Imagine if you will that you've been asked to predict a different kind of problem than ad serving -- perhaps traffic patterns on a state highway system. As you might imagine, predicting how many cars will be on the entire highway next month is probably not very hard to do with a pretty high degree of accuracy. There's historical data going back years of time, month by month. So you could take a look at the month of April for the last five years, see if there's any significant variance, and use a bit of somewhat sophisticated math to determine a confidence interval for how many cars will be on the highway in the month of April 2013.
But imagine that you now wanted to zoom into a specific location -- let's say the Golden Gate Bridge. And you wanted to break that prediction down further, let's say Wednesday, April 3. And let's say that we wanted to predict not only how many cars would be on the bridge that day, but how many cars with only one passenger. And further, we wanted to know how many of those cars were red and driven by women. And of those red, female-driven cars, how many of them are convertible sports cars? Between 2 and 3 p.m.

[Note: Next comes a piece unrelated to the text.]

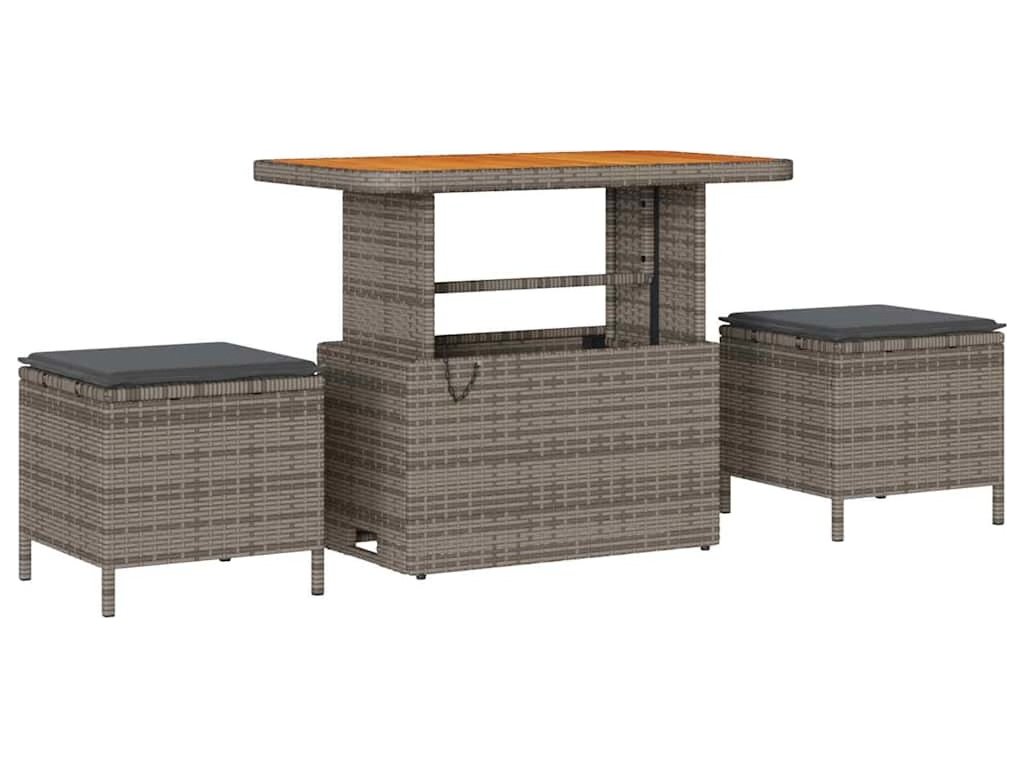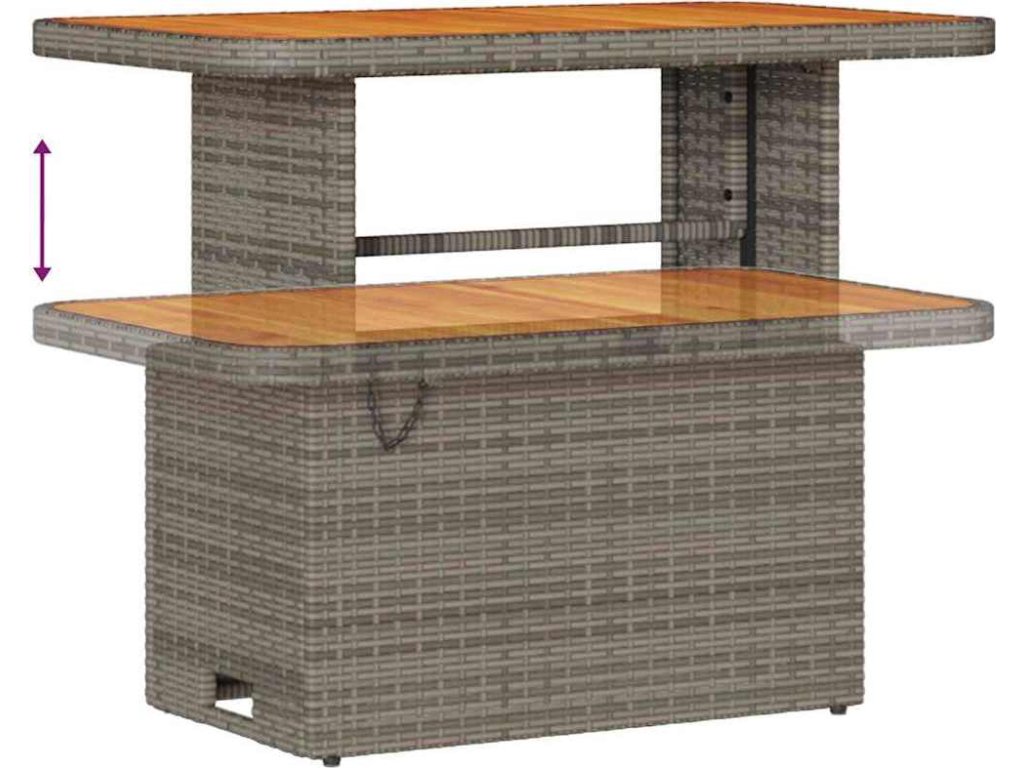 - Akáciové dřevěné detaily: Masivní akáciové dřevo dodává teplý vzhled. Je silné a zvládá i změny počasí bez ztráty krásy. Pečlivě zpracované, je spolehlivým povrchem stolu a vypadá skvěle.
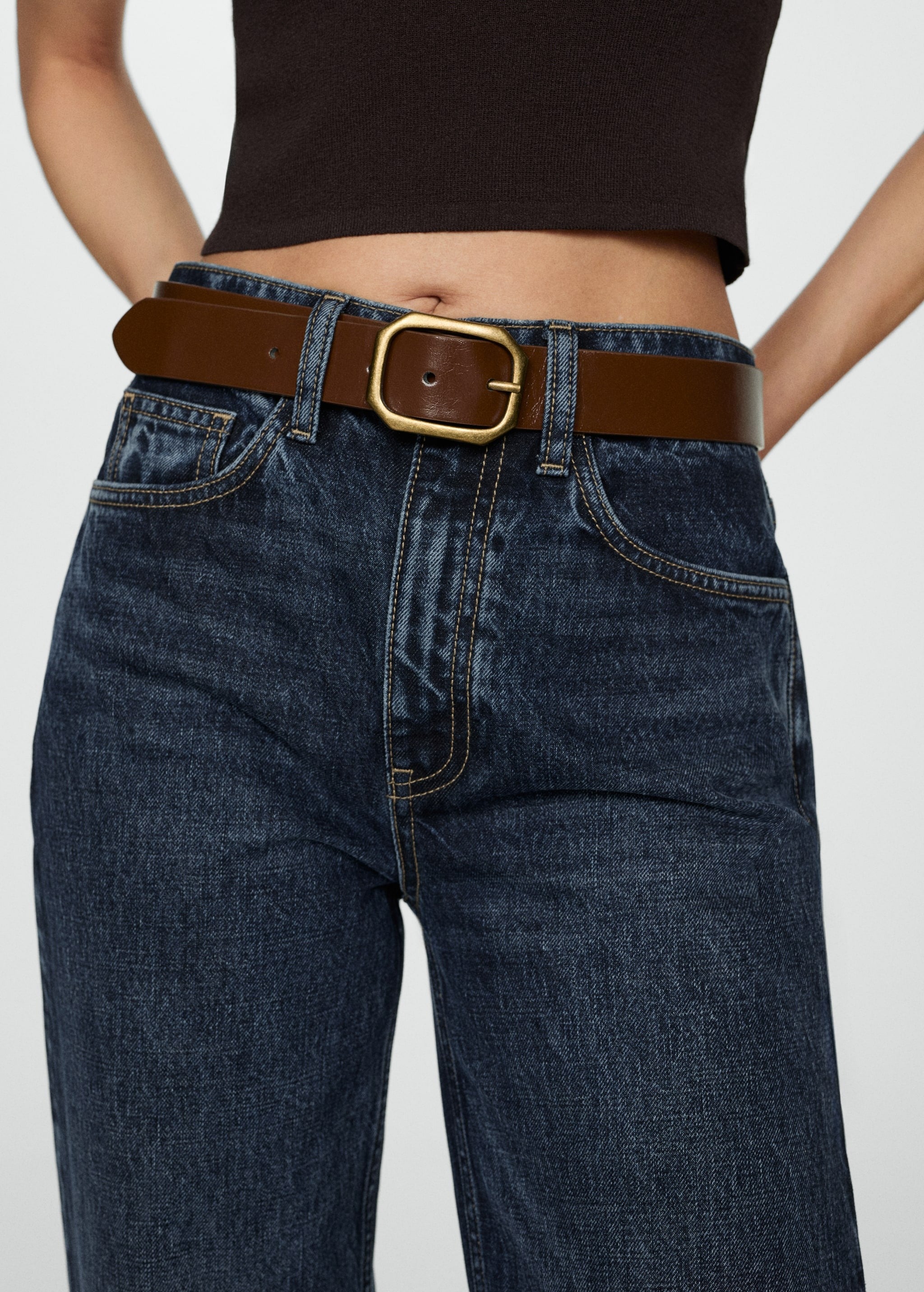 ڈینم طرز کا سوتی کپڑا۔ اونچی کمر۔ لمبا ڈیزائن۔ سیدھا ڈیزائن۔ پانچ جیبیں۔ بیلٹ لوپس۔ انسیم 82 سینٹی میٹر۔ سامنے کی زپ اور بٹن بند کرنا۔

Even if you could get some kind of idea how many matches you've had in the past, predicting at this level of granularity is very hard. Never mind that there are many outside factors that could affect this; there are short-term issues that could help get more accurate as you get closer in time to the event such as weather and sporting events, and there are much more unpredictable events such as car accidents, earthquakes, etc.
This is essentially the same kind of prediction problem as the avails prediction problem that we face in the online advertising industry. Each time we layer on one bit of data (some defining attribute) onto our inventory definition, we make it harder and harder to predict with any accuracy how many of those impressions will exist. And because we've signed up for a guarantee that this inventory will exist, the engineers creating the algorithms that predict how much inventory will exist need to be very conservative on their estimates.
When an ad campaign is booked by an account manager at the publisher, they "pull avails" based on their read of the RFP and media plan and try to find matching inventory. These avails are then reserved in the system (the system puts a hold on avails that are being sent back to the buyer based for a period of time) until the insertion order (I/O) is signed by the buyer. At this moment, a preliminary allocation of predicted avails (impressions that don't exist yet) is made by a reservation system, which divvies out the avails among the various I/Os. This is another kind of allocation that the ad server does in advance of the campaign actually running live, and it has as much (or even more) impact as the real-time allocation does on overall yield.